Status: Complete :)

Inside of You

A Sign of Relief.

From the moment Andy got into ambulance to the time we stayed in the ward to wait for any results, I couldn’t stop thinking about what might happen if I lost her. Thoughts raced through my head. Tears wouldn’t stop falling. My life finally hit rock bottom or maybe even lower than that. I don’t even know what I did to deserve this kind of punishment. And what’s worse is our aunt never came back. I have no idea where she is and how to contact her. I wish I had some kind of adult guidance in this situation but life’s given me no choice but to move on by myself.

One thing I was thankful for was John. He never left my side no matter how many times I asked him to go home and get some rest.

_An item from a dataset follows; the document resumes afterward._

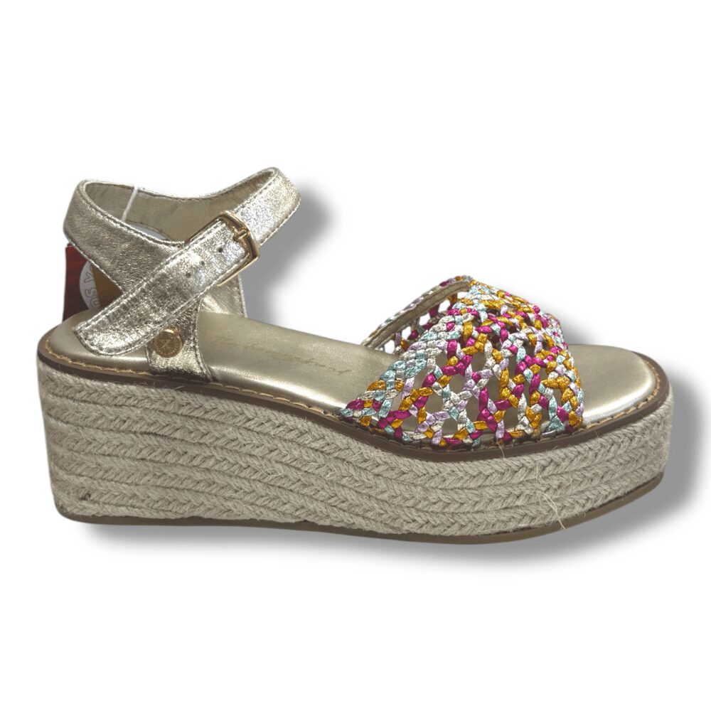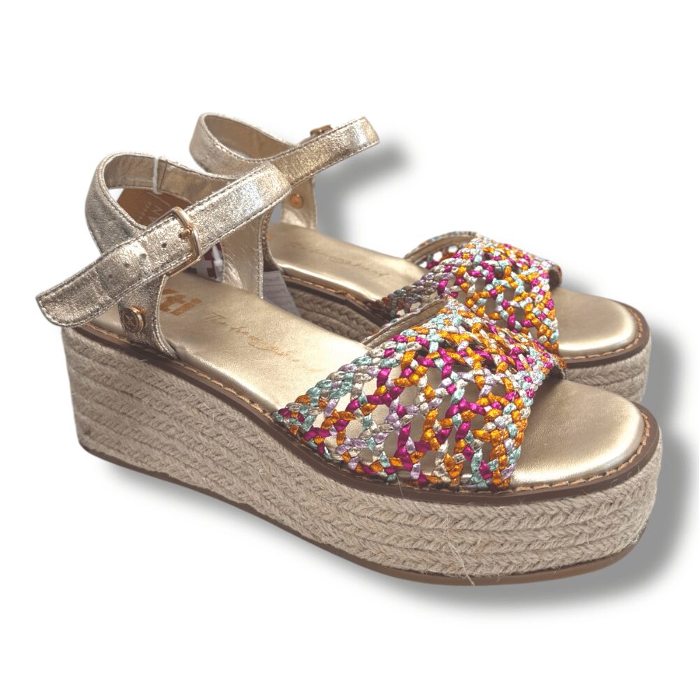 La zeppa intreccio colorato  è realizzata in similpelle.

“I’m serious John,” I said after trying to persuade him for the millionth time. “You should go home and get some rest. You probably have some stuff to do tomorrow and I don’t want to keep you from whatever it is you’re going to be doing.”

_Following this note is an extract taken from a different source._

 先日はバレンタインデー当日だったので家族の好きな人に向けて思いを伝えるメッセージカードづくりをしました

John squeezed the hand that he was already holding and made me turn to face him. “I’m not going anywhere. I’m staying with you no matter what.”

I bit my lip as the anxiety continued to build up inside me. I knew that I should be hoping for the best but I’ve had my hopes up too many times that I can’t even begin to think positively.

A minute later, the doctor came out and called out my name. I immediately stood up and walked swiftly to the doctor who had some information about Andy’s condition.

“Is she alright?” I asked eagerly. John kept his hands on my shoulders, asking me to calm down.

“We can’t say right now,” the doctor mentioned, “All we do know is that she’s lost a lot of blood and her heart’s malfunctioning-”

“What can I do to help?” I know it was rude to cut the doctor off midsentence but this was a life or death situation so I guess there’s an exception.

“Nothing for now,” the doctor paused to look at the chart, “We just have to observe it for a few days before calling anything.”

“But she’ll be fine, right? I mean her heart’s not completely damaged, is it?” I said, wanting to barge right into the emergency room to see exactly what’s going on.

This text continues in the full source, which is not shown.